I am at a hackathon in Chicago Illinois at Illinois Institute of technology and I have to use sha-1 on some facts before I pass then to an api so I can make a project for the Hackathon. You did a wonderful job telling me what she-1 was so I could understand the cryptic api documentation. Thank you very much.
This is my favorite guy on this channel. I just love stuff like this.
The washing machine example really helped seal in this topic I was trying to understand and helped me on my final project. Thank you!!!
Thanks, Dr Pound (if you read this). I find your demeanour easy to engage with, and you set me off on the journey of understanding fully (with much work!).
pound for pound Mike pound is the best narrator on computerphile
My dealer need this.
Appreciate your feed back!
Thanks for watching, for more info and guidance on how to trade and earn.
W…h…a…t…s…A…p…p~~M.E……
+…1…7…2…0…3…1…9…7…5…5…1
😂😂😂😂😂
😆
🤣
Hmm, so far this is fairly straightforward, but the interesting part would be how exactly these compression functions work. Will there be a follow-up video on that?
In essence, it generates 80 32 bit words derived from bits of the plaintext, then the state does right circular shifts, some XORs, some bitwise ANDs, addition with the round word and round constant, and then permutation between all state variables
@@liljuan206 thanks, this really helped clearing things up
it isn't compression he is describing it is hashing. which is not what encryption is. which is what sha is. (notice the s part stands for secure).
@@liljuan206 how do they make it so it can't be reversed?
In essence Sha-2 uses 6 primary functions: Choice and Majority, and S0, S1, E0, and E1 all which move and permutate bytes around during compression
Me: Explain SHA
Dr.

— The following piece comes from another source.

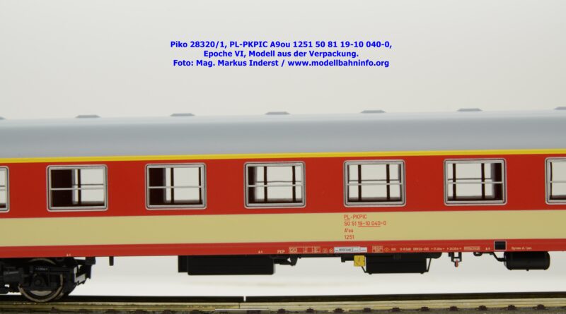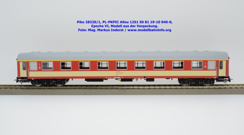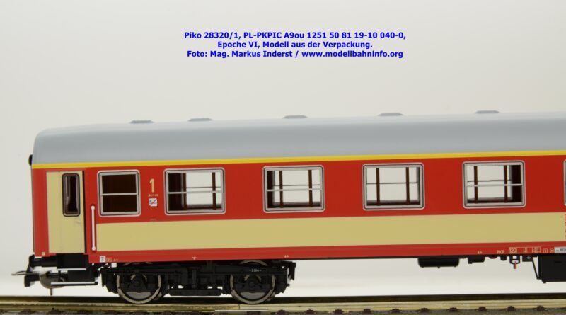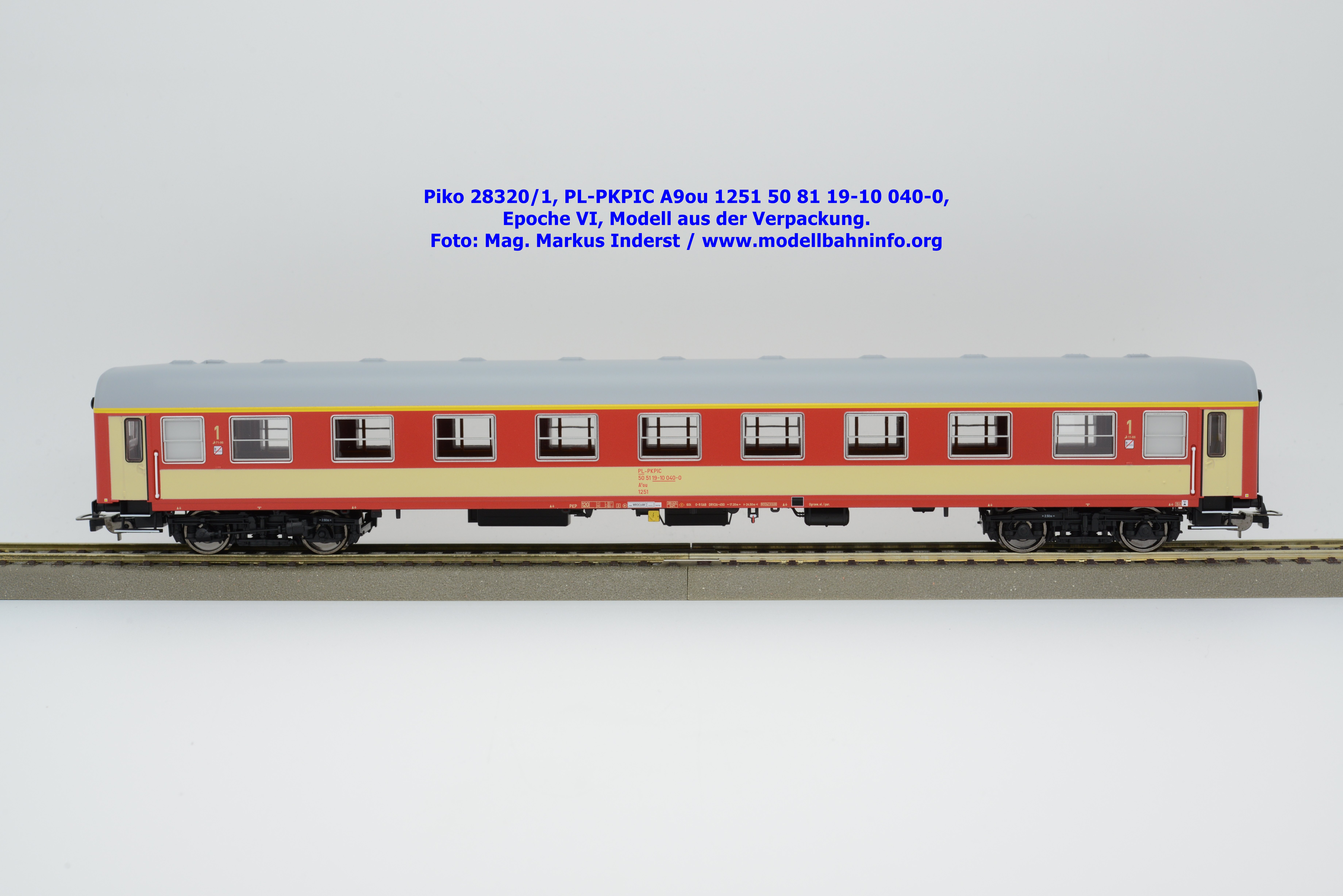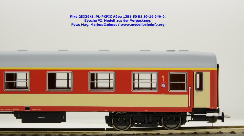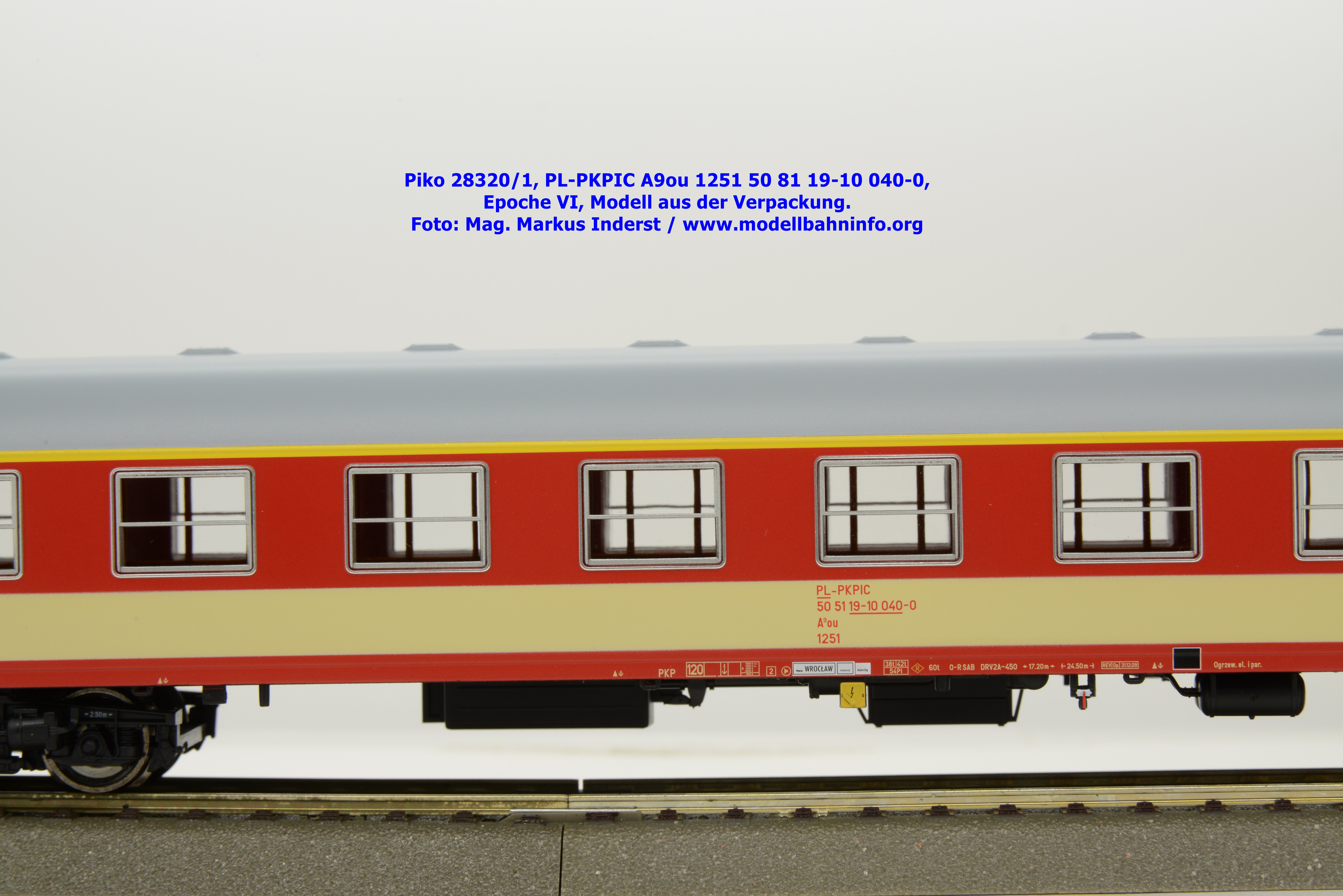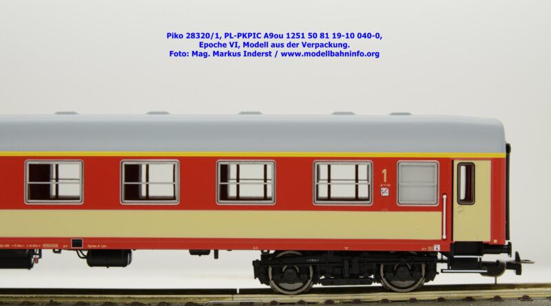Der dazu passende Wagen der 1. Wagenklasse weist dasselbe Farbschema auf, ist jedoch mit der Gattungsbezeichnung A9ou, dem Halterkürzel PL-PKPIC und der Wagennummer 50 51 19-78 255-3 bedruckt. Heimatbahnhof ist wiederum Krakow. Im Revisionsraster stehen die Angaben REV Op 30.06.10. Der UVP beträgt € 54,99.

Pound: Explains it
Me confused: Explain it to me like I'm 12
Dr. Pound: Explains it like I'm 12
Me still: Explain it to me like I'm 5...
I've always loved your videos and now I study computer science and can watch your videos for studying, it's amazing
Note to self: Don't use a regular monitor as a touch screen
Its a university flatron monitor, probably expendable.
Mike you are my favourite person to appear on this channel. I enjoy your clear explanations and like the quite recent toppics like google deep dream, dijkstra and so on.
easy-going video which explains just enough about SHA algo to keep it simple. The details are better learnt once you "get" the basic idea.
I love this channel so much...
SHA Hashing Algorithm?
Secure Hashing Algorithm Hashing Algorithm
ATM Machine
RAS Syndrome
LAN Network
GNU's Not Unix...wait a minute
LCD Display
You explained everything except for the part that actually matters. :(
You may as well have said, sha works by shaing things.
Exactly my thought :/
That they explain complicated things in an easier to understand manner. Sorta like every other video they make.
Ah, I see now...it's a washing machine with some knobs that does the sha'ing.
The compression function of SHA is where it gets quite complicated, and I don't think it would've fit into the scope of one video, as explaining it to someone with no prior knowledge isn't trivial, there's quite a bit of complicated math involved, and very few people actually understand the details of it.
YES exactly this..
Some people speak terrible not understandable english, he is one of them. Even whole words were not completely spoken.
Since SHA is deterministic, even though it is non-reversible, it is still possible to guess the hashes of some reasonably short messages. For example, string 'abc' ALWAYS produces ba7816bf8f01cfea414140de5dae2223b00361a396177a9cb410ff61f20015ad. If I have a large enough database plus computational power, I could probably guess some short messages, although not the entire novel.
That's exactly how most cracking is done. Hashed database against hashed database lol
I love these videos when Dr. Mike Pound is in them.
Dr Mike Pound is the best! More videos with him please
How does the padding work if a block is 511 bits long?
aullik Considering almost all real-world data is stored as a stream of bytes (8 bit values), That's incredibly unlikely to ever come up.
It could be 504 bits, but 511 is highly improbable.
If your padding has to add at least 8 bits (one byte), then the thing he described works fine.
Remember working with individual bits is almost unheard of in computing.
If you have to store individual bits for storage efficiency, you pack them into bytes.
(similarly, if you store 7 bit values, you either store them in 8 bits and ignore a bit, or you pack it such that you store, say, 56 bit blocks. (7 x 8 - eg, 8 sets of 7 bits stored in 7 bytes)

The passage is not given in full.